L es méandres de la nutrition, ça la connaît. Elle a tellement croqué dedans. Presque un miracle qu’elle ne se soit pas transformée en un portrait d’Arcimboldo, figeant un visage mi-homme, mi-dieu, à la tête composée de légumes et de fruits. Taty Lauwers tend un nectar de carottes, pommes et concombres en guise d’accueil. Le goût âpre du réveil d’hiver s’altère dans l’instant. La mixture veloutée sort du Jazz, un extracteur de jus sud-coréen. « Meilleur et plus volumineux qu’avec une centrifugeuse », dit-elle. Le goût est à la hauteur du jugement, alors, on acquiesce.
Depuis quelques années, à travers livres et conférences, Taty Lauwers imite son Jazz : elle extrait de la vulgate nutritionniste les zestes de bon sens et en expurge les penchants dogmatiques, en meilleure ennemie du « mange pas ci, mange pas ça ».
La bonne bouffe « ressourçante », justement, elle y est venue comme on va en guerre. Sans rien savoir. La peur au ventre, aussi, car il y avait bien combat. « Du plus loin que je me souvienne, je n’ai connu que maladies en cascade. » De l’otite à la crise de foie, le tout englué dans une angine récurrente. Taty, Nivelloise, 54 ans, déguste, fatigue chronique en prime. Elle clope comme pas deux et mène une vie comparable aux « baroudeurs urbains » à qui elle s’adresse dans ses livres : son univers culinaire s’arrête alors au micro-onde. Puis vient le coup de bambou, sous forme de cancer, à 39 ans, pile dans le côlon. La suite est connue : opérations, chimio, le regard du toubib dans lequel on compte le temps qui reste.
Taty chamboule son régime alimentaire et tâte de toutes les diètes, de la méthode Kousmine (du nom d’une doctoresse russe qui fait la part belle aux légumes frais et dit adieu à la margarine industrielle) jusqu’à un crudivorisme acharné. En 1999, une autre invasion barbare s’annonce sous la forme d’une variante de la maladie de Crohn. Elle constate que ces voies diététiques ne suffisent pas. Elle décide d’écouter sa « nature propre » qui réclame de l’osso bucco et du pinot à petites doses. L’agonie tourne à la renaissance. « J’étais comme Lazare sortant de son tombeau. » Un Lazare débarrassé de la doxa diététique, soigné à la graisse originelle et à la réduction des féculents. Vient alors le désir de communiquer sa réforme alimentaire. Elle se lance dans l’écriture de topos et recettes.
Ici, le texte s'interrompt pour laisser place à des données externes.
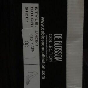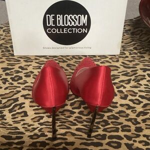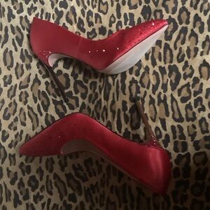 Red satin fabric, embellished with red rhinestones. 4" semi-transparent smokey stiletto heel, also embellished with red rhinestones. Size 8. ❤️ Comes in original shoe box.

Les injonctions moralisatrices, les restrictions quantitatives et l’idée de régime en sont proscrits. « Un régime est fait pour être enfreint alors qu’un mode alimentaire est tenable sur la durée, n’exclut aucun aliment mais en dose les proportions et en optimalise la quantité », écrit-elle dans Nourritures vraies.
Elle lutte contre les idées reçues. Les graisses : ennemi capital ? Elles seraient bien plus bénéfiques que ce que le « matraquage publicitaire » nous fait avaler. A condition qu’elles soient naturelles, car elles nourrissent le cerveau et empêchent le grignotage obsessionnel.
« Je ne cherche pas à convaincre à tout prix, ni ne revendique une grande autorité. Pas question de me “gouroufier”. » Ses livres sont plutôt une invitation à (re)découvrir les vrais aliments issus du terroir, à se méfier des « mentions sur les étiquettes qui ressemblent à des noms d’autoroutes » et à s’initier à l’écoute de son corps.
Elle reproche aussi à certains nutritionnistes leur monomanie : « On pourrait vous dire qu’il faut manger tout rose et tout mou, ou juste manger des légumes, et ça tombe de nulle part. La diététique doit être repositionnée dans son contexte, à la fois culturel et historique. »
Picorant aux quatre coins de la planète, des théories chinoises à l’ayurvéda indien via le « bon sens de nos aïeux », Taty désire chasser les « fantômes » que nous mangeons, ce qu’elle appelle du carton qui nous « fait finir en camelote ». En point de mire, dans ses textes, « tous les produits qui nous sont présentés comme des aliments par la seule puissance hypnotique des merveilleuses publicités, images qui ne leurrent que notre cerveau, pas nos cellules ».
Taty Lauwers, malade professionnelle reconvertie en rescapée, a la dent dure contre « Monsieur Grande Surface ». Mais si la pêche, la banane, la grande forme devaient trouver une incarnation, ce serait peut-être elle.